Challenges and technical issues

  • Amendment to legacy laws: Among the laws and rules which would need an amendment to implement remote voting is The Representation of People’s Act of 1950 and 1951, The Conduct of Election Rules, 1961 and The Registration of Electors Rules, 1960.
  • Vagueness over Migration: The definition of migrant voter would also need to be reworked with respect to retaining registration at the original place in the context of the legal construct of “ordinary residence” and “temporary absence”.
  • Territorial constituency concept: The territorial constituency concept of remote voting and defining remoteness itself that is an outside constituency, outside the district or outside state will need to be dealt with.
  • Administrative challenges: These include enumerating remote voters-self declaration, ensuring secrecy of voting at remote locations, provision of polling agents at remote voting booths, and ensuring identification of voters to avoid impersonation.
  • Acceptance issues: Acceptance of EVMs has been a contested issues.
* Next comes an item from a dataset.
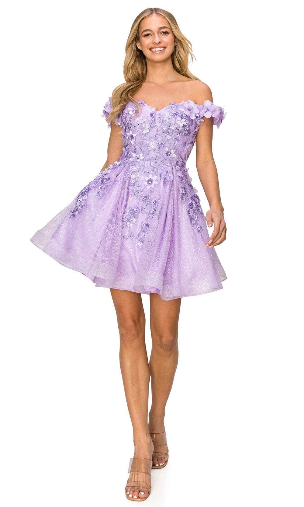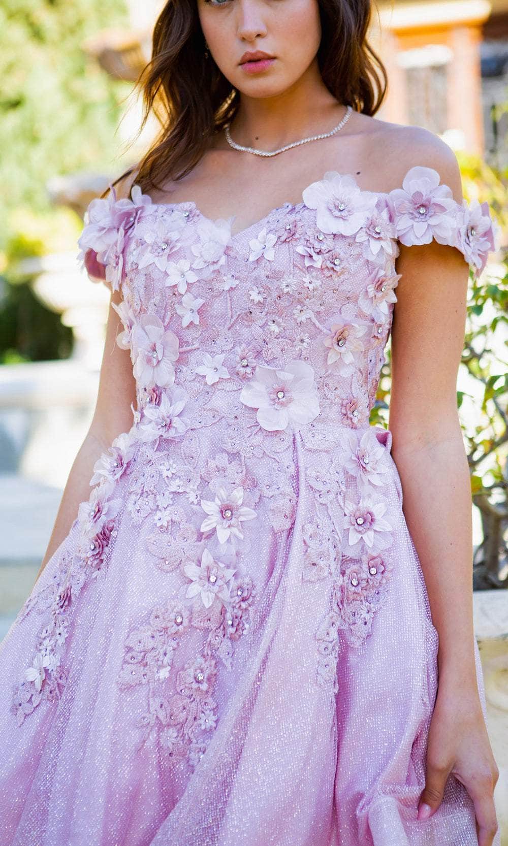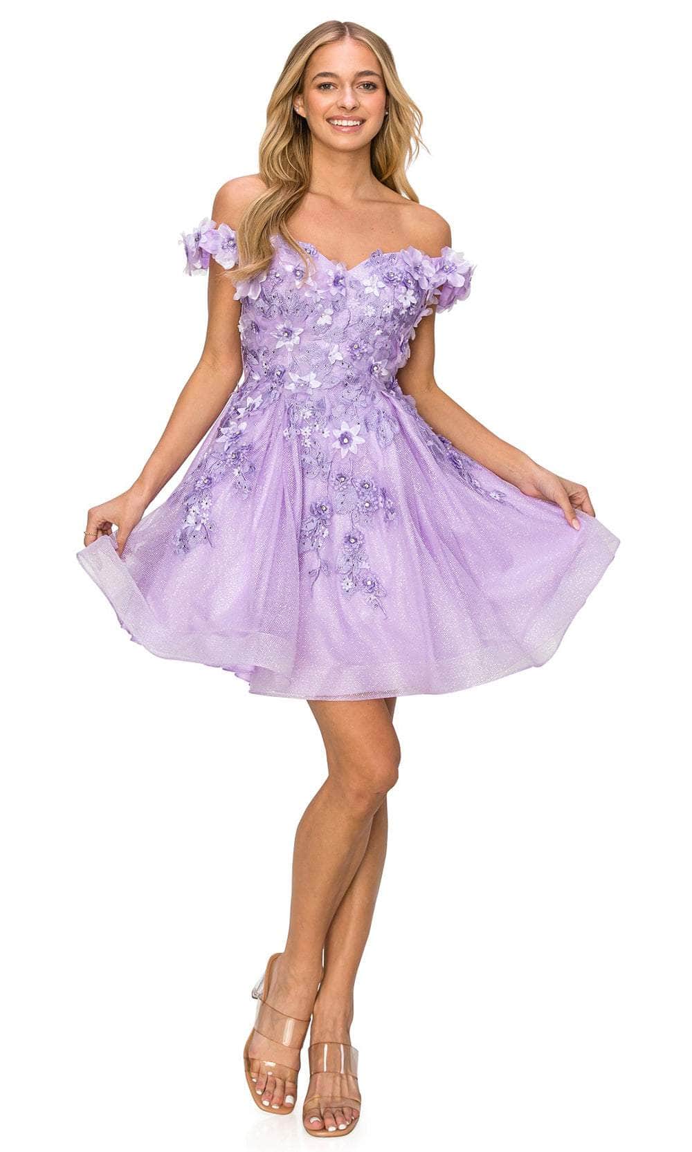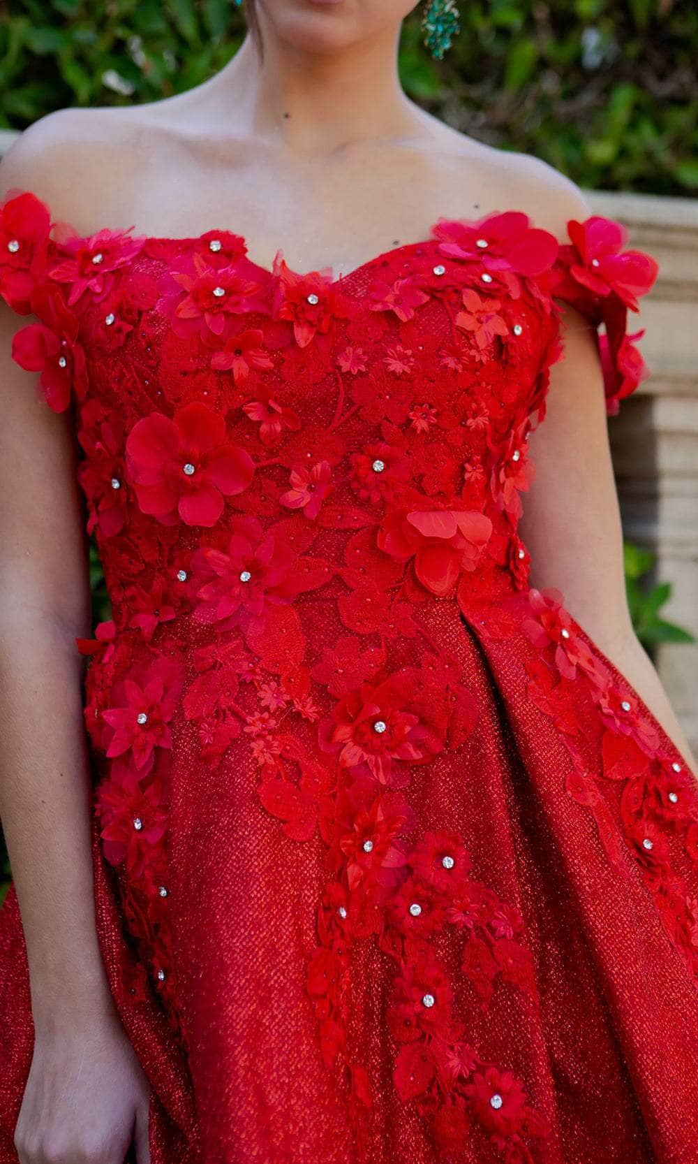 Unleash your inner beauty and radiate confidence in this Cinderella Couture 5120J masterpiece. The dress is decorated with embroidery, 3D floral appliques, and beading that gives it a charming, feminine touch. It showcases an off-shoulder sweetheart, cap sleeves, and a midrise back with lace-up closure. The pleated A-line skirt gracefully flows to the short hemline, enhanced with a horsehair trim. Dance and enjoy your next special party or event in this short, sassy, and stylish dress by Cinderella Couture 5120J. Models are wearing Blue, Blush, Dusty Rose, Green Hunter, Lilac, and Red colors.

This has somehow eased after the introduction of the voters-verifiable paper-audit trial (VVPAT).
  • Security: Any new technology systems, including those based on blockchain technologies and others, are vulnerable to cyber-attacks and other security vulnerabilities.
    • Technology-based voting systems may also entail privacy risks and concerns.
  • Veracity and Verification: Furthermore, a voter verification system that uses biometric software, such as facial recognition, could lead to false positives or negatives in voter identification, thus facilitating a fraud or disenfranchising citizens.
  • Internet Connection & Malware Security: There is a dependency on voters having a reliable internet connection. Internet penetration and availability and use of e-government services in some countries are limited.
    • Software errors or malware on voters’ devices may also affect vote casting.
  • Privacy/Secrecy: Elections always require a high level of security in order to protect voter privacy and the integrity of final results. Meeting the security needs of elections means online voting technology must overcome barriers that can invade the voter’s privacy.
  • Preferred Environment: It is also possible that voting takes place in an uncontrolled environment. It is difficult to ensure that the person votes freely and without coercion.
    • There is the risk that another person votes on behalf of the voter so, it is difficult to identify the voter.

Way forward

  • Maintaining Election Integrity: An online voting system must also be able to provide verification that it has successfully maintained election integrity and that no manipulation had occurred during the voting or tallying processes.
  • Acceptability of the Stakeholders: It is important that any system of remote voting has to take into account the confidence and acceptability of all the stakeholders of the electoral system – voters, political parties and election machinery, the officials are learnt to have informed the committee while political consensus is the way forward to introduce remote voting.
  • Trust & Transparency: Even with all of the proper legal frameworks in place, using an online voting system would be pointless if the government or general public were not confident in its security, integrity, and accuracy.
    • For this reason, a number of transparency measures have to be developed to help ensure the transparency of online voting technology, building trust in the final results.
  • Other Proposed Reforms: The standing committee is deliberating on key electoral reforms which have been proposed, including linking of Aadhaar with voter ID. The committee has also decided to take up three other proposed electoral reforms, which include remote voting, action against elected representatives filing false affidavits, and a common electoral roll for conducting all elections from village panchayat to Parliament.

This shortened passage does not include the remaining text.